Immunofluorescence assay
Cells, plated on slides in 24-wells plate at 25000-50000 cells/well, were treated with drugs as indicated in figure legends. Then cells were fixed in 4% paraformaldehyde (20 min at RT), blocked by 0.2% PBS/BSA solution (1h at RT) and incubated with primary (1:100) anti-LC3 or anti-p62/SQSTM1 antibodies overnigh at 4°. After washes, cells were incubated with (1:200) anti-rabbit Alexa Fluor-488 or Alexa Fluor-594 for 1h at RT, mounted on slide holder using mountant medium (Life technologies, Gaitherburg, MD, USA). Confocal images were obtained using Zeiss inverted 700 confocal laser scanning microscopy and a ×63 oil immersion objective.
Flow cytometry analysis of apoptosis
Cells were treated with the drug combinations as indicated in relative legends. Apoptosis was measured after staining with annexin V-fluorescein isothiocyanate (annexin V-FITC). Annexin positive cells were quantified with FACS calibur flow cytometer (Becton Dickinson), analysed using CellQuestPro software (Becton Dickinson). Data were acquired after analysis of at least 10,000 events [
40].
Flow cytometry analysis of cell cycle
Analysis of cell cycle kinetic was performed after treatment as indicated in the relative legend. Briefly, cells were fixed in 70% ethanol, stained with propidium iodide and evaluated by a FACScalibur flow cytometer (Becton Dickinson). For each sample, 20,000 events were collected. Cell cycle analysis was performed with ModFit LT software (Verity Software House, Inc., Topsham, ME). FL2 area versus FL2 width gating was done to exclude doublets from the G2-M region.
In vivo experiments
Female NOD/SCID athymic mice (Charles River, Wilmington, MA, USA) were acclimatized in the Animal Care Facility of “Fondazione G.Pascale-IRCCS-CROM Laboratories, in accordance with ”Directive 2010/63/EU on the protection of animals used for scientific purpose” and made effective in Italy by the legislative DLGS 26/2014. The study was approved by the Italian Ministry of Health. MDAMB231 cells (7 × 10
6) diluted in 200 μl [PBS/Matrigel GF (Becton Dickinson) 1/1] were injected subcutaneously (s.c) in the flank regions of the mice. After tumors reached approximately 100 mm
3, mice were randomized into treatment arms with 5–7 tumors per group. Taselisib (5 mg/kg) was dissolved in a vehicle containing 0.5% methylcellulose with 0.2% TWEEN-80 and was administered via daily oral gavage [
41]. Paclitaxel were diluted in physiological solution and administrated intraperitoneally (i.p.) weekly.
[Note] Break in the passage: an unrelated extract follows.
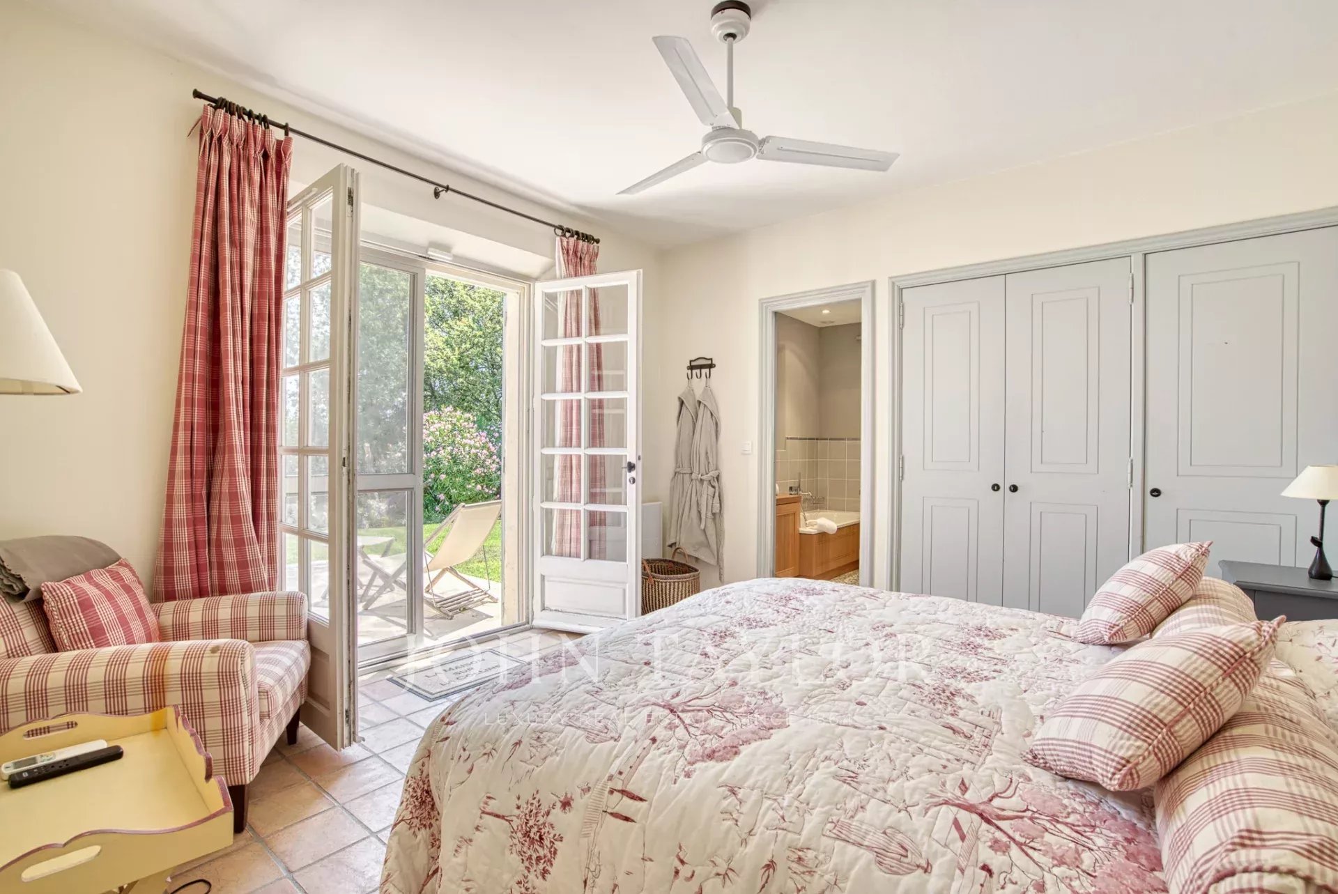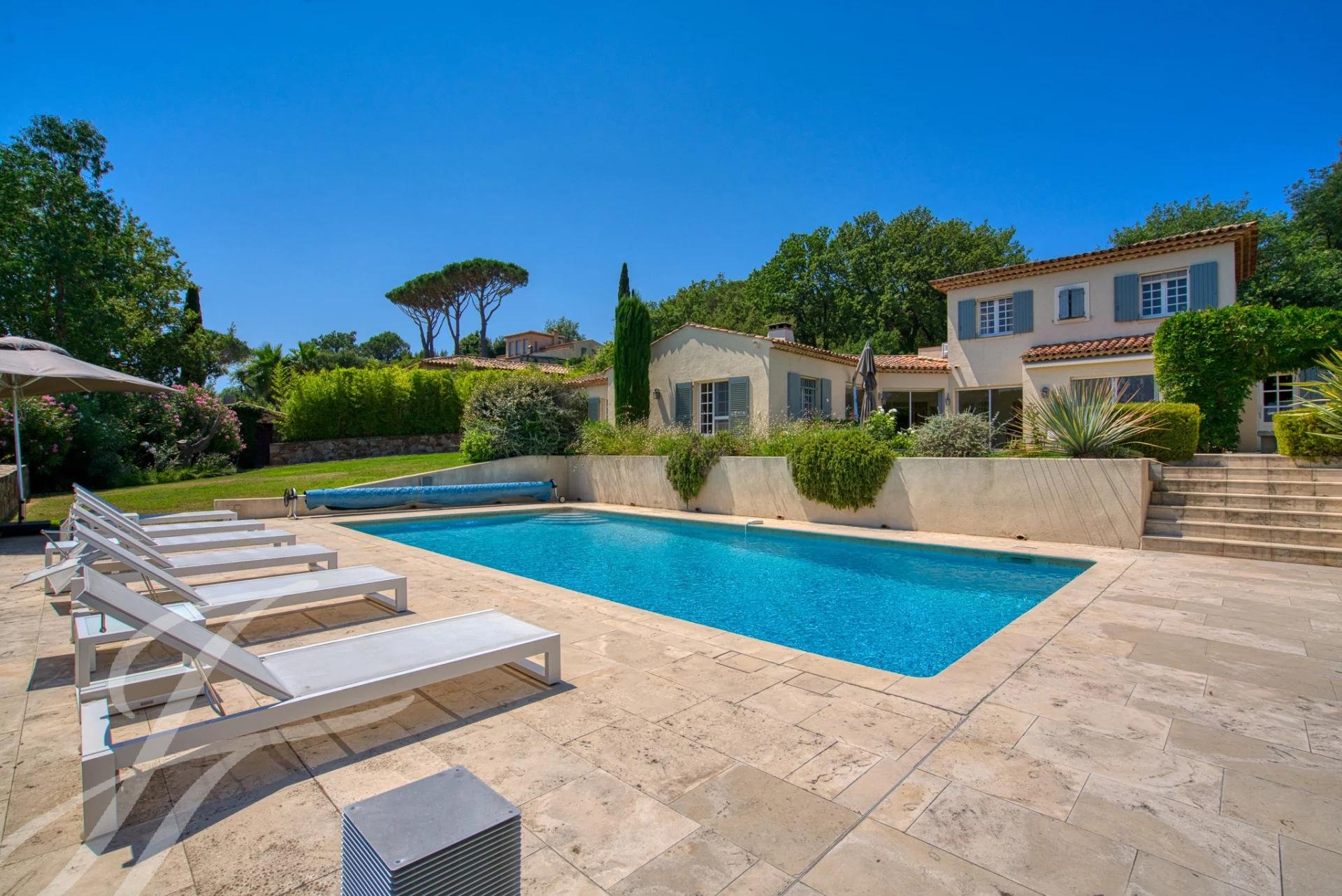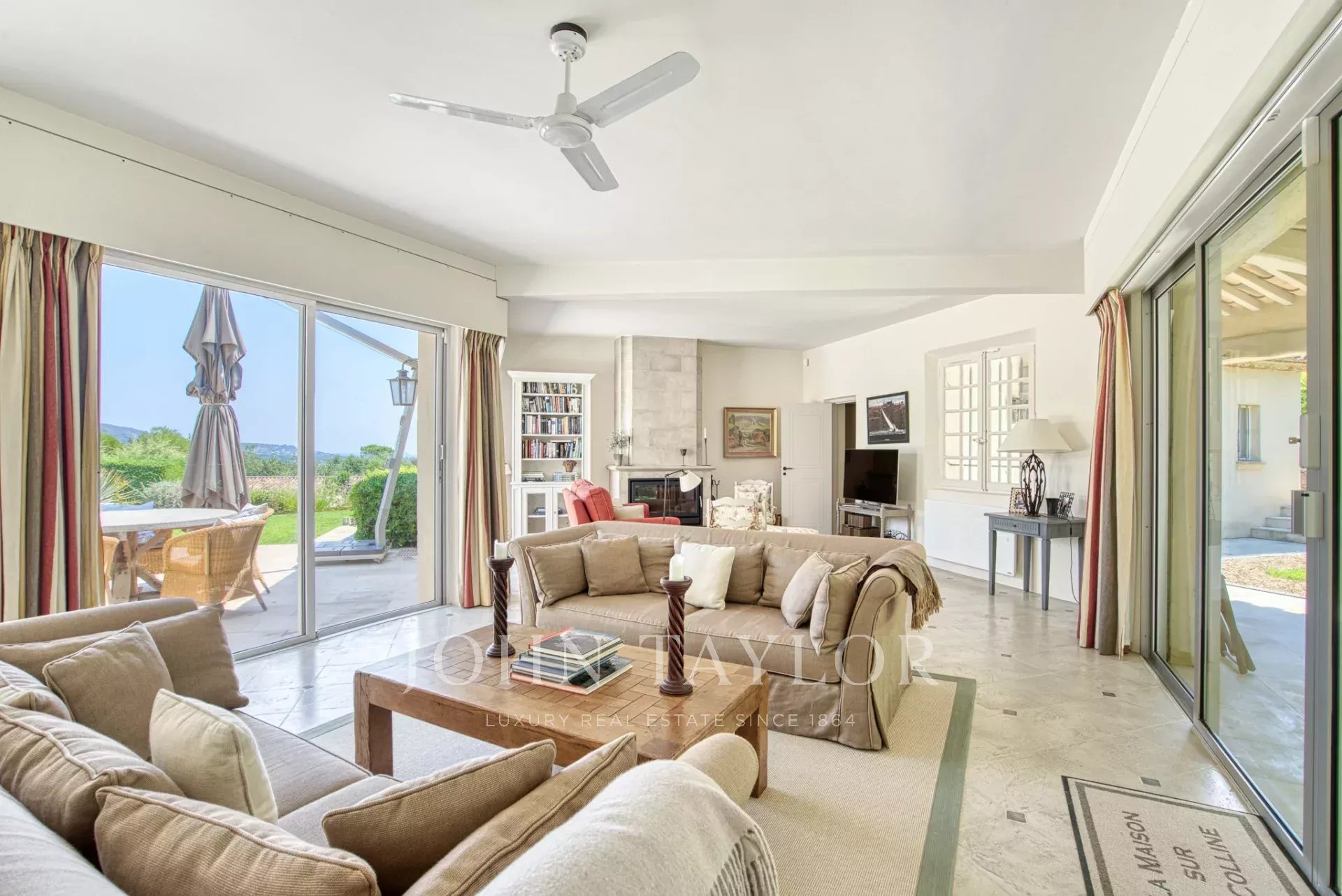 La villa principale propose un salon de près de 100 m², baignée de lumière grâce à sa double exposition, une salle à manger et une cuisine entièrement équipée ouverte sur une agréable terrasse ombragée. Vous disposerez de cinq chambres avec salles de bain ainsi qu’une suite parentale à l’étage, dotée d’un dressing et d’une terrasse tropézienne offrant une vue imprenable sur le golfe de Saint-Tropez.

CQ were dissolved in physiological solution and administered daily via oral gavage. In particular, taselisib 5 mg/kg was administrated x os/daily (5 days/week) by gavage, CQ (30 mg/kg) was administrated x os/daily (5 days/week) by gavage and paclitaxel 10mg/Kg was administrated once a week intraperitoneally (IP). Treatment lasted 2 weeks followed by 1 week of follow-up.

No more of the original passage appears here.